Jailbait
- Author: Carolyn Cocca
- Publisher: State University of New York Press
- Publication date: 2004
- ISBN: 9780791459065

= Jailbait (book) =

2004 non-fiction book by Carolyn Cocca

Jailbait: The Politics of Statutory Rape Laws in the United States is a 2004 non-fiction book by Carolyn Cocca, published by the State University of New York Press. It discusses the ages of consent in the United States.

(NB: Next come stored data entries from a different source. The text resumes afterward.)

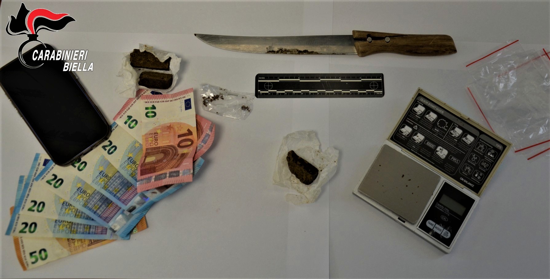 L’atteggiamento sospetto dell’uomo ha indotto i militari a eseguire una perquisizione personale, che ha permesso di rinvenire: • 35 grammi circa di sostanza stupefacente del tipo hashish; • La somma in contanti di 170,00 euro, ritenuta provento dell’attività illecita. L’ispezione è stata immediatamente estesa all’autovettura in uso al giovane, ove all’interno i Carabinieri hanno scoperto e sequestrato materiale vario per la pesatura e il confezionamento delle dosi, confermando l’ipotesi della detenzione ai fini di spaccio. Il giovane è stato denunciato in stato di libertà alla Procura della Repubblica presso il Tribunale di Biella. Tutto il materiale, il denaro e la droga sono stati posti sotto sequestro in attesa delle disposizioni dell’Autorità Giudiziaria. L’attività odierna si inquadra nella più ampia strategia di controllo del territorio volta a garantire la sicurezza dei cittadini e a smantellare le reti di micro-spaccio nelle aree urbane.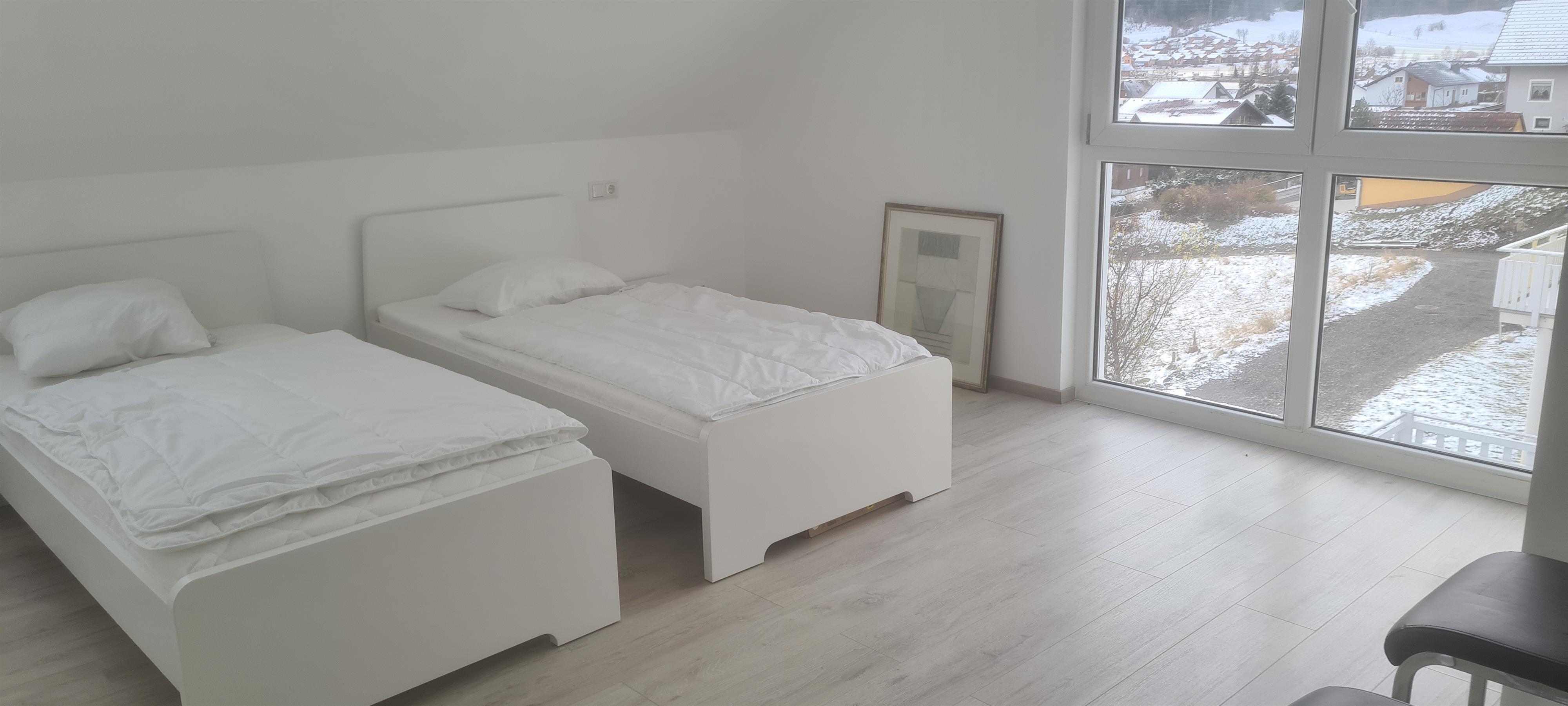 Geruhsame Nachtruhe finden unsere Urlaubsgäste in 4 Schlafzimmern für je 2 Personen. Dabei handelt es sich um 3 Schlafzimmer mit 2 Betten und 1 Schlafzimmer mit Etagenbett. Eine weitere Übernachtungsmöglichkeit bietet das kleine Schlafsofa auf der Galerie und das Schlafsofa im Wohnzimmer.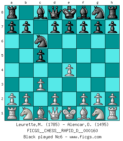 Last move : 1-0 2025 December 25 12:50:43 [Event "FICGS__CHESS__RAPID_D__000160"] [Site "FICGS"] [Date "2025.12.12"] [Round "1"] [White "Leurette,Marc-Antoine"] [Black "Alencar,Ofir"] [Result "1-0"] [WhiteElo "1785"] [BlackElo "1495"] 1.e4 c5 2.c3 Nc6 3.Nf3 d5 4.e5 e6 5.d4 cxd4 6.cxd4 Bb4+ 7.Bd2 Bxd2+ 8.Nbxd2 f6 9.Bb5 a6 10.Bxc6+ bxc6 11.Nb3 f5 12.O-O Ne7 13.Nc5 h6 14.a3 Rb8 15.b4 1-0 Follow this game move after move (download)If I win a tournament, I win it by myself. I do the playing. Nobody helps me. (Bobby Fischer) Die meiste Zeit treffe ich auf Gegner, die meine Enkel sein könnten. Ich bin da, um ihnen zu zeigen, dass sie von mir noch einiges lernen können. (Viktor Kortschnoi) El juego de Damas es para vagabundos. (Paul Morphy) Il vaut mieux sacrifier les pièces de l'adversaire. (Xavier Tartacover) Children in the dark cause accidents, accidents in the dark cause children. (Unknown)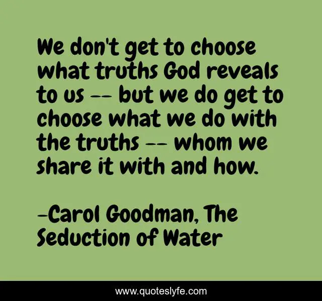 This page presents the quote "We don't get to choose what truths God reveals to us -- but we do get to choose what we do with the truths -- whom we share it with and how.". Author of this quote is Carol Goodman, The Seduction of Water. This quote is about revelation, truth, choice,.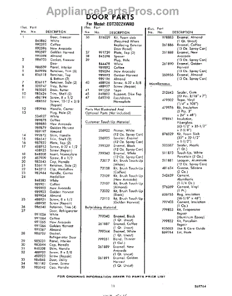 Parts for Whirlpool EDT202ZKWR0: 11 - Lit / Optional Parts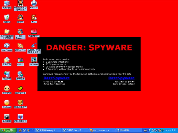 我的电脑今天出现点问题,桌面被不明图片给覆盖.红底,中间有个小框里面有一些英文如下: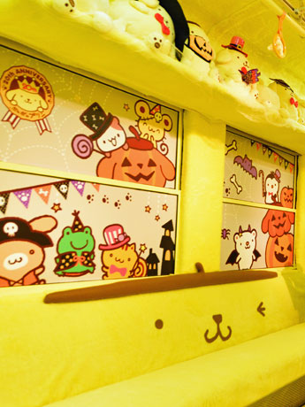 <h2>渋谷に「ポムポムプリン」車両。ポムポムプリン仕様の座席やつり革</h2>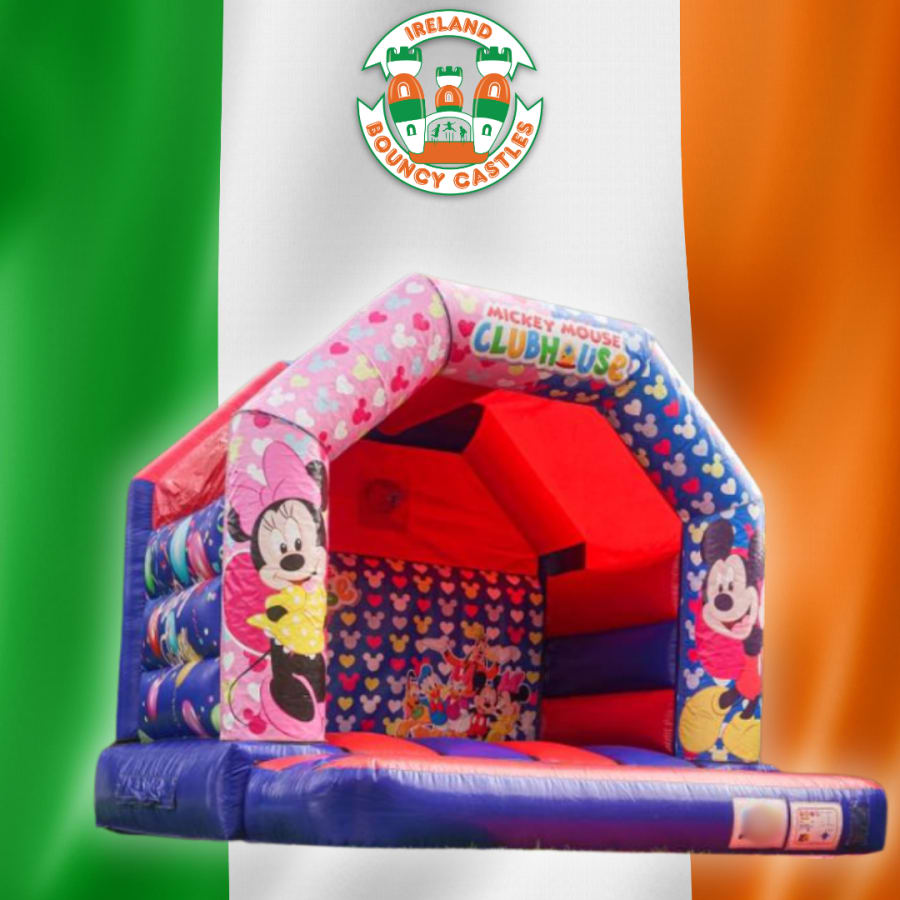 Oh boy! Put your party on the map with our Mickey Mouse Clubhouse Bouncy Castle. Bursting with bright reds, blues and pinks plus adorable Mickey & Minnie graphics, this 12x12 inflatable is a massive hit for birthdays, preschool parties, school fun days and family celebrations. The covered roof and high, cushioned walls create a comfy, shaded bounce zone so little Mousketeers can jump safely for hours.

Chapter 1 analyzes the general history of statutory rape policies in the U.S., while Chapters 2, 3, and 4 discuss how states revised and adopted the laws in the 1970s, 1980s, and 1990s. Each of the three other chapters discusses a particular aspect of the revisions and adoptions: Respectively they are the age revisions, gender-neutral language, and revisions related to 1990s social welfare policies concerning teenage pregnancy, race, and deadbeat fathers.

==Reception==

Donald P. Haider-Markel of the University of Kansas concluded that the book is "a thoughtful and engaging book that connects a variety of theoretical perspectives and makes use of multiple methodological approaches in a coherent manner." He argued that the book would be good for classes on public policy at the undergraduate and graduate levels. He added that he believed Cocca had overstated several of her arguments, such as those about the role of interest groups and the use of statutory rape laws as "morality politics".